__Task to carry out__. When the string "gobernador" occurs in a line of the listing below, return that line.
BEGIN Collected data
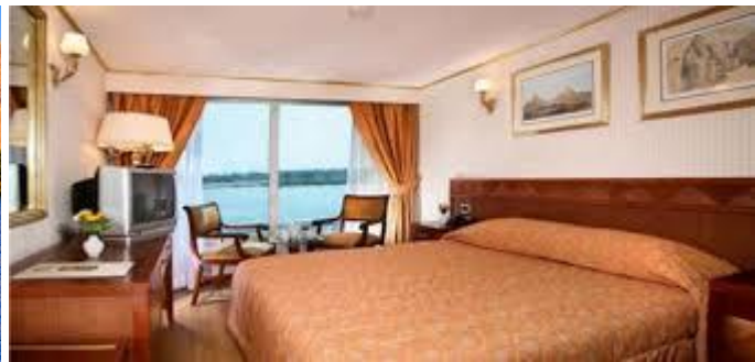
Cabine do Cruzeiro Nile Dolphin
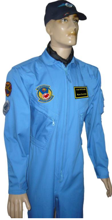
RESİM - 2 GENÇ KANAT ÖNDEN GÖRÜNÜM
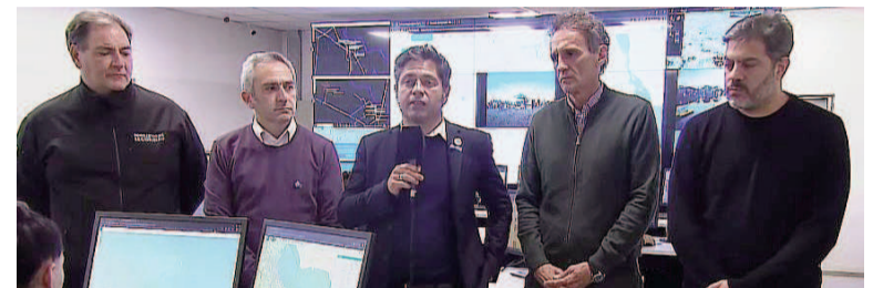
El gobernador junto a sus funcionarios.

El gobernador informó que "el agua está bajando en toda la provincia de Buenos Aires", aunque reconoció que "las excepciones más notorias son Salto y Campana, donde seguimos con can-
END Collected data
__Result__.
El gobernador junto a sus funcionarios.
El gobernador informó que "el agua está bajando en toda la provincia de Buenos Aires", aunque reconoció que "las excepciones más notorias son Salto y Campana, donde seguimos con can-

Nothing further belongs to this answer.